Esprit de corps

Objets animés

Au début, ce fut une rencontre hasardeuse, comme une attirance réciproque irrésistible. Il le distingue parmi tant d’autres sur le sol puis l’objet s’impose à lui. Comme dans une rencontre amoureuse, l’artiste et l’objet entrent dans une relation intime faite d’attrait, de rejet, d’interrogation et enfin d’acceptation complète.

L’apparition d’objets réels dans les créations plastiques n’est pas nouvelle. Les cubistes, dans les œuvres picturales, les surréalistes visaient, eux, à donner une dimension symbolique à des objets sortis de leur contexte. Enfin, Marcel Duchamp avec son ready-made entendait conférer à l’objet manufacturé une identité autre ; l’objet réel, sans autre artifice, était ainsi élevé au rang d’œuvre d’art par la simple signature de l’artiste. Plus proche de nous, on connaît également les « psycho-objets » de Jean-Pierre Raynaud, objets chargés d’affect que l’artiste investi d’une mission artistique.

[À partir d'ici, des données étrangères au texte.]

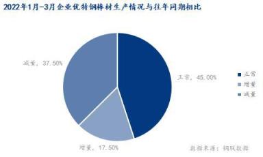 1、2022年1-3月的优特钢棒材生产情况与往年同期相比近一半处于正常水平,有37%的无缝钢管厂产量不及去年同期。

Pour Rohanne Gourouvin, aussi, ces objets de rebus, perdus et laissés à l’abandon constituent le corps de son expression plastique. Il en a rencontre beaucoup d’autres depuis le premier « Boulon numéroté 11 » des pièces métalliques, de la ferraille, des fragments d’outils. Leur aspect souvent brisé, leur matière métallique patinée et surtout leur forme vont induire une classification par genre, tantôt masculin tantôt féminin. Ces objets quitteront, dès lors, le monde minéral pour accéder au règne animal sexué, voir humain. Ce mouvement de re-classification, d’élévation va engendrer une relation émotionnelle forte avec l’objet rencontré.

De ces petites choses, objet de tant l’attention, naîtront une recherche formelle et intérieure. La démarche de Rohanne Gourouvin, à la fois sensible et complexe, emprunte aux anciens et porte, également, en elle cette part d’histoire personnelle et ce besoin de réparation, de re-création qui devient ici création.

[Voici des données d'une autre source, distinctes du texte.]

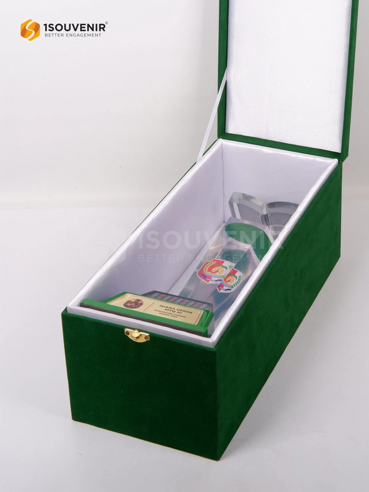 | Box | bludru hijau satin putih |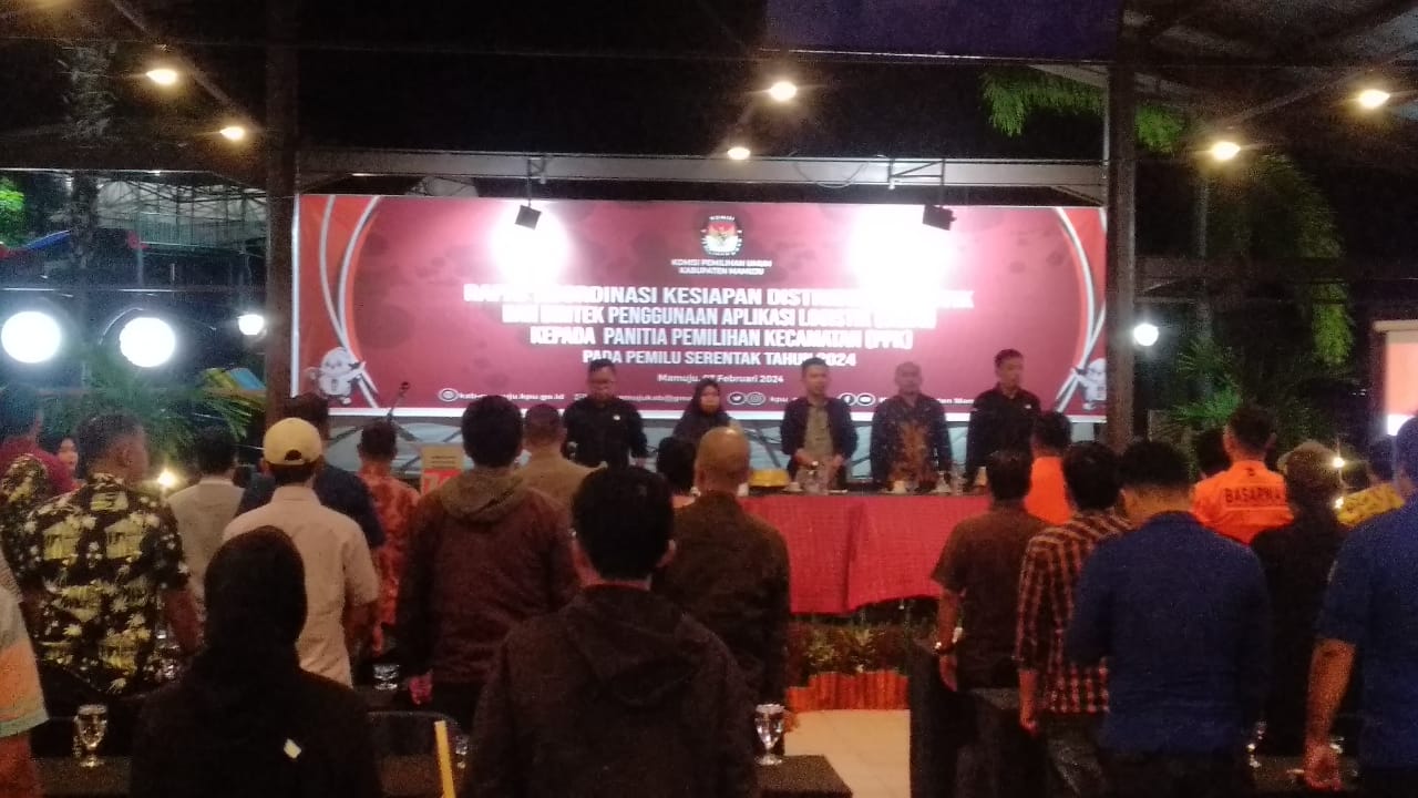 Kegiatan berlangsung di Waterpark Grand Maleo Hotel & Convention Mamuju pada, Rabu (7/2/2024) juga di hadiri seluruh PPK se-Kabupaten Mamuju, Polresta Mamuju, Dandim 1418 Mamuju, Kejari Mamuju, Bawaslu Mamuju, Kesbang Pol Mamuju, Basarnas Mamuju dan OKP serta Awak Media.

Outre le classement par série, ces pièces collectées sont tour à tour exposées sur des socles, telles des sculptures, ou photographiées. En jouant sur l’échelle, en modifiant leur perception ; en les réinterprétant, les objets prennent dès lors des formes différents, étranges et abstraites ouvrant sur un autre point de vue. Photographié- et ainsi décontextualisé- l’objet et alors porteur d’une nouvelle identité. Mais tout ceci serait insuffisant si l’artiste ne leur redonnait pas une histoire, un passé. Le recours au dessin « à la manière de » passé. Léonard de Vinci en et la réponse formelle. Les objets redessinés, pensés, comme en gestation, puis redimensionnés par l’intermédiaire de l’objectif photographique deviennent des « créations de toutes pièces » remplies de l’univers intérieur de l’artiste à la reconquête d’un soi fragmenté après la disparition du père.

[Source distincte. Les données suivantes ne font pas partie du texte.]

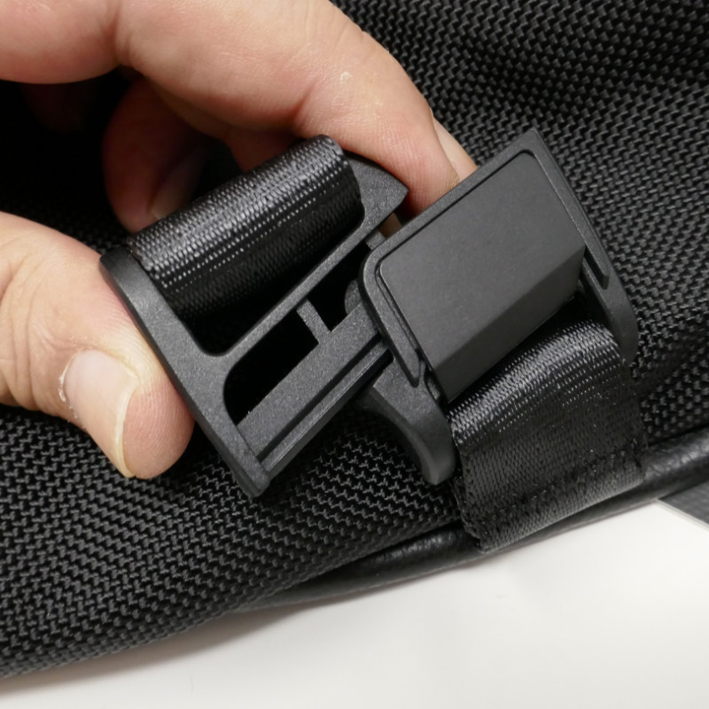・ショルダーストラップは通常より細いサイズのシートベルトストラップを採用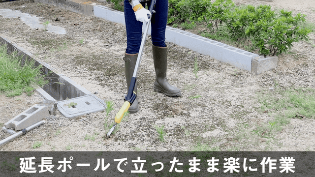 毎分2,300回の高速振動により、雑草を震わせて根っこごと抜くので、一度抜いた雑草は長期間生えづらいという。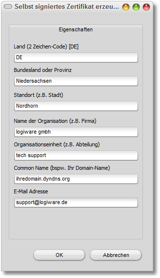 Geben Sie nach Klick des Schalters "Zertifikatsanfrage generieren..." die erforderlichen Daten wie folgt ein:
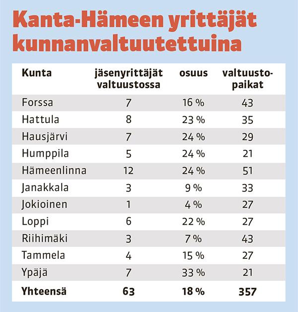 Edellisissä kuntavaaleissa neljä vuotta sitten Hämeen 357 valtuustopaikkaa tavoitteli yhteensä 241 yrittäjää. Äänestäjien mandaatin lunasti kaikkiaan 63 paikallisten yrittäjäyhdistyksien jäsenyrittäjää. Heidän lisäkseen valtuustoihin nousi 13 muutakin yrittäjää.

« Objets de dévotion », ces petites pièces métalliques ont valeur de relique sacrée à qui Rohanne Gourouvin a su insuffler une force créatrice, celle puisée au plus profond de soi, cette étincelle divine, ce miracle de vie, en définitive une âme.

Caroline de Fondaumière

Mémoires organiques

Take care of the sens !

À propos de mémoires organiques et autres réminiscences

Installation de Sophie Bazin

Cette installation ayant rapport à la mémoire, avant de me séduire (conduire à l’écart, dit-on en latin) et de s’exposer à moi comme une évidence, m’a parue quelque peu ambiguë. Le thème de réminiscence, dans le sens commun d’image remémorée du passé, est traité à la fois comme une expérience et son résultat. Déchausse-toi et tu entendras la mer, invite et nous promet SB d’emblée (le pari sera aussi réalisé si vous entrez chaussée, mais on perdra beaucoup à l’esthésiomètre). Sur le seuil alors, laisser avec les chaussures les tracas du dehors, participer, en l’occurrence ici, faire autrement l’expérience de la mer et revenir avec un souvenir.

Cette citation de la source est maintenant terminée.